Soon after I arrived to work in Yellowknife, a nice guy named Perry came to work in the housekeeping department at Stanton Yellowknife Hospital. He would stop by as he mopped floors and chat with me every morning about cars and guns and other things that interested him. Perry was about 21 years old and seemed pretty normal by all appearances. Perry was sad and miserable inside, only none of us knew it.

I liked Perry but I never asked him to join in with any of our “professional” group of lab techs, nurses, physiotherapists, in whatever Reindeer Games we were playing. You know, he might not have chosen to come along because he wouldn’t have enjoyed our company, but would it have hurt me to just ask him?

One dark, early winter morning I walked into the Microbiology lab section where I worked and ran into John, the senior housekeeper boss guy.

–Perry killed himself last night, John said.

–Put a shotgun to his head and pulled the trigger.
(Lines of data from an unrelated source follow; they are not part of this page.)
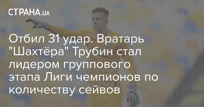 Голкипер донецкого "Шахтера" Анатолий Трубин отразил 31 удар в шести матчах группового турнира Лиги чемпионов и лидирует по этому показателю среди вратарей в сезоне-2022/23.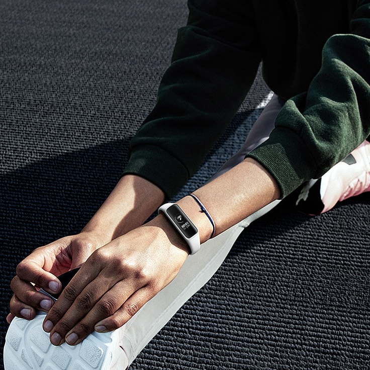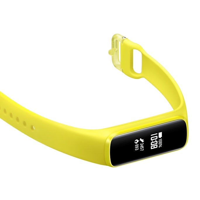 Regjistruesi i stërvitjes i gjeneratës së ardhshme, Galaxy Fit e. Një ekran i qartë ju tregon çfarë ju nevojitet me një shikim. Regjistrimi automatik i stërvitjes ju lejon të përqendroheni në ushtrimet tuaja.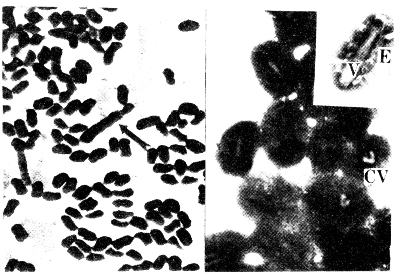 包涵体是一个椭圆形或卵圆形的小颗粒。光学显微镜下几乎接近于分辨率的极限。通常一个颗粒体只含一个杆状病毒粒子,偶然有2个以上的。有些畸形颗粒体比正常者长几倍(左图箭头所指)。颗粒体病毒形态发生较为特殊,有的结晶状蛋白沿着核衣壳从一端往前堆积,也有从核衣壳两端延伸堆积,逐渐形成一个完整的颗粒体。属于B亚组的颗粒体病毒可侵染脂肪体细胞,体壁细胞、气管底膜细胞和中肠肠壁细胞等;可在核内或细胞质内复制增殖。感染途径与同,经口和卵传染,易潜伏感染。罹病早期幼虫外观病征不明显,后期色泽变淡,腹面呈乳白色,体节肿胀,虫尸易液化,体液混浊含有大量的颗粒体病毒。发病过程较长,一般需5~25天死亡。寄主范围特异性较高,很少有不同科、属间相互感染的现象。其遗传物质是双螺旋结构的DNA,分子量较大。主要侵染鳞翅目的多种昆虫。是一种有应用前途的微生物杀虫剂;中国研究的菜青虫GV等已获较好防治效果,国外对GF的研究和应用也有成功之例。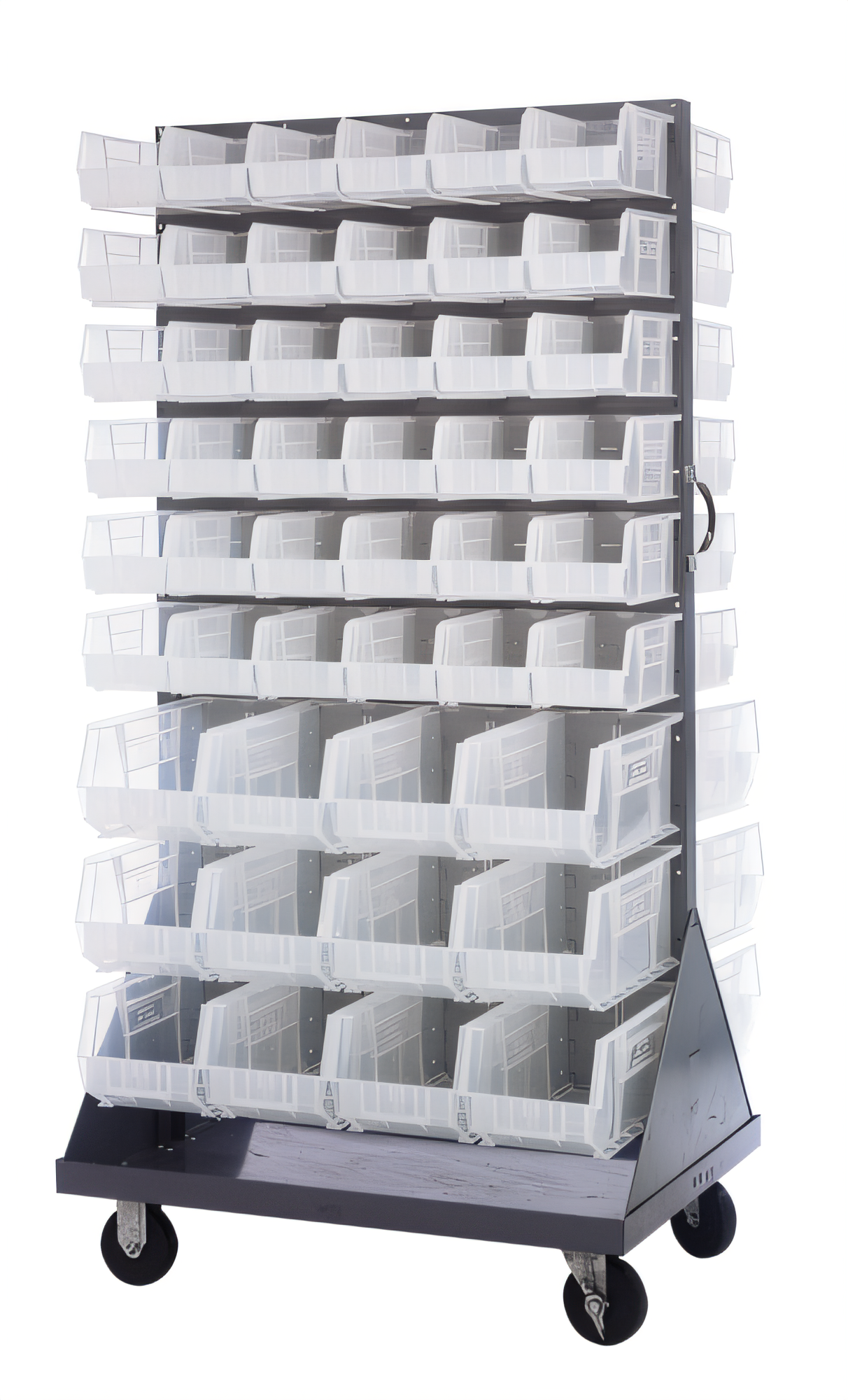 - Double-sided louvered panels accept bins on both faces for maximum storage density.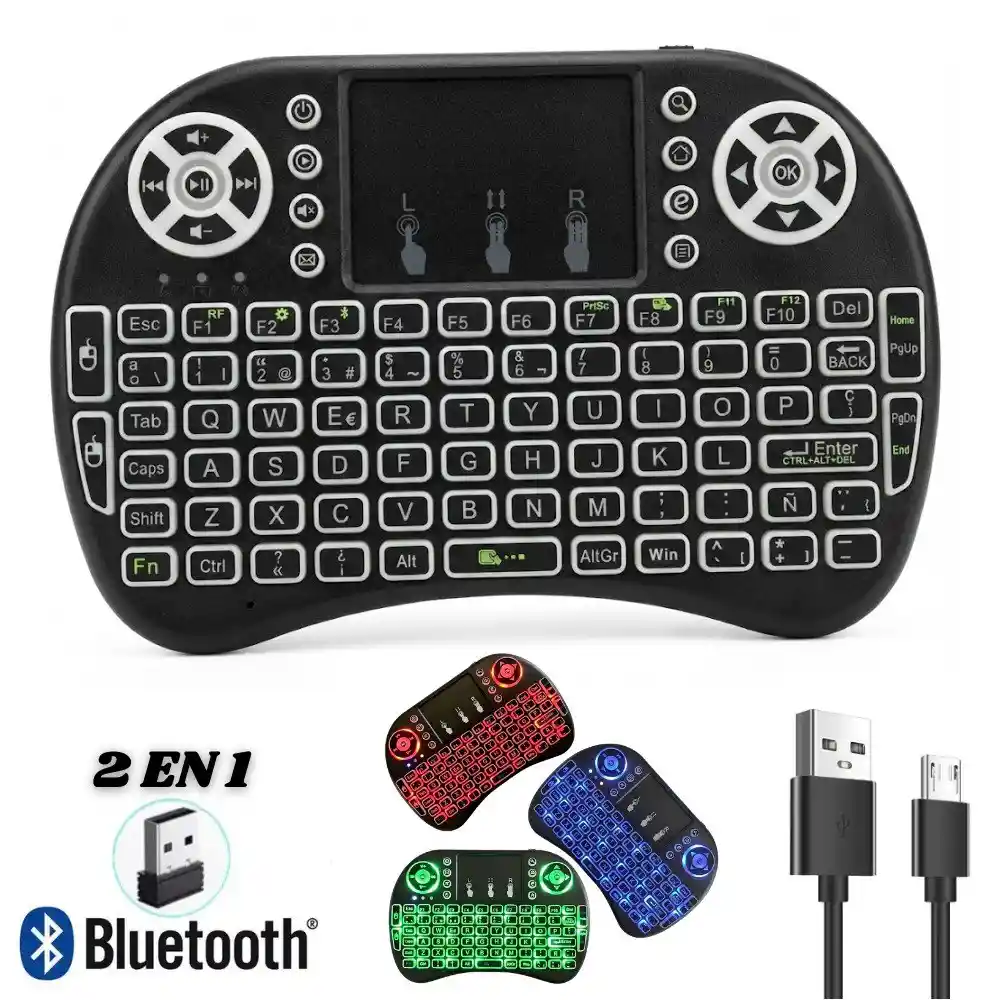 Mini Teclado Inalambrico Bluetooth Control Smart Tv Mouse Portatil ¡Olvídate de luchar con el control remoto tradicional para escribir en tu Smart TV! Con este Mini Teclado Inalámbrico 2 en 1, tendrás el control total de tus dispositivos en la palma de tu mano. Su diseño ergonómico estilo gamepad lo hace perfecto para navegar por internet, jugar, o controlar tu centro multimedia cómodamente desde el sofá. Características: - Conexión Dual (2 en 1): Versatilidad total. Modo Bluetooth: Conéctalo directamente a tu Smartphone, Tablet o Laptop sin necesidad de adaptadores. Modo USB (2.4GHz): Incluye un receptor USB para conectarlo a dispositivos sin Bluetooth como PC de escritorio, Smart TVs convencionales o TV Box. - Teclado en Español (Incluye Ñ): Este teclado viene configurado con la distribución en español, incluyendo la tecla Ñ física, facilitando la escritura de correos, búsquedas en YouTube o chats. - Touchpad Inteligente Incorporado: Funciona como un mouse. Panel táctil de alta sensibilidad que admite gestos - Retroiluminación LED (RGB): Úsalo en la oscuridad sin problemas. Cuenta con luz de fondo ajustable en 3 colores (Rojo, Azul y Verde) para que puedas ver las teclas claramente en tu noche de películas. - Controles Multimedia: Acceso rápido a volumen, reproducción, pausa, inicio, correo y buscador con sus botones laterales y teclas de función (F1-F12). - Batería Recargable: Olvídate de comprar pilas. Cuenta con una batería de litio recargable mediante cable USB (incluido). Compatibilidad Universal: Diseñado para funcionar con una amplia gama de dispositivos: Smart TVs, Android TV Box, Computadoras, Celulares, Tablets y muvho más. El Paquete Incluye: 1x Mini Teclado Inalámbrico Retroiluminado. 1x Receptor USB (Dongle inalámbrico). 1x Cable de carga (USB a Micro-USB). Manual de usuario.

The RCMP found him in a ditch on the outskirts of town.

I had spoken with Perry in a normal fashion a day earlier and now his demons and insecurities had won the interior argument. Now he was dead, at his own hands. I was stunned. I was ignorant and stunned.

Insecurities come in different layers and different strengths. I try now to look for signs of insecurities in others, not to make myself feel better in comparison (another sign of insecurity), but so that I can understand their struggles with behaviours such as selfishness, arrogance, sulking, gossiping, over-competitiveness, defensiveness, excessive chatter, people-pleasing, excessive swearing. If there’s some small thing that I can do or say that will soothe someone’s negative inner voice, why not? It’s a Pay It Forward kind of thing, I suppose.

Insecurity wears a lot of different costumes.

Slack Alice’s, the local stripper bar in my area burned down about a year ago. And DAMN, I never saw the inside of it. I guess I was just too insecure to go inside on my own!

But I’m sure that every day there was a whole barroom full of strippers and patrons, nursing a beer or shot glass, and each, just like me, with their own beat-up lifetime suitcase filled with personal insecurities.